### What you have to do
What you return must be exactly the lines from the beginning of the material through the line containing "Koska takin on", both included, and no pictures.

### Information shown
════════════════

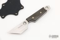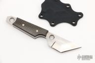 This Tanto Dashi by Sam Eddleman has a satin finished chisel ground tanto blade with notched thumbrest, .134" blade stock, .900" depth. The handle has carbon fiber scales. Comes with a kydex neck sheath. Has some light scratches, otherwise excellent condition
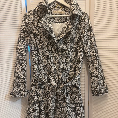 Koska takin on ollut tarkoitus pysyä napakasti yllä kumartuessa ja polvistuessa siinä on kaksoiskiinnitys (katso kuvat). Malli on viittamainen ja hihat ja helmat jäävät lyhyeksi tarkoituksella. Sopii monen kokoiselle käyttäjälle kunhan olka-olka ja hihan pituus sekä takin helman pituus ovat mieleiset.
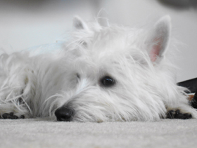 Tot op dit moment kreeg Andy al 11 jaar droogvoer. Mevrouw Zintl vertelde ons dat droogvoer absoluut niet geschikt is voor zijn diersoort. Zoals we al bij Andy hadden gezien, was hij al volledig verkleurd door de vele conserveringsmiddelen in het droogvoer. Zijn vacht was niet meer wit, wat de kleur van een West Highland Terrier zou moeten zijn, maar was bruin geworden en was al zwart tussen zijn tenen. Andy's allergie onder zijn buik was ook, zoals mevrouw Zintl zei, een typisch effect van droogvoer. We wilden Andy natuurlijk helpen en vertrouwden op Anifit en bestelden meteen een regelmatige maandelijkse voorraad natvoer.

════════════════

### Task solution
 This Tanto Dashi by Sam Eddleman has a satin finished chisel ground tanto blade with notched thumbrest, .134" blade stock, .900" depth. The handle has carbon fiber scales. Comes with a kydex neck sheath. Has some light scratches, otherwise excellent condition
 Koska takin on ollut tarkoitus pysyä napakasti yllä kumartuessa ja polvistuessa siinä on kaksoiskiinnitys (katso kuvat). Malli on viittamainen ja hihat ja helmat jäävät lyhyeksi tarkoituksella. Sopii monen kokoiselle käyttäjälle kunhan olka-olka ja hihan pituus sekä takin helman pituus ovat mieleiset.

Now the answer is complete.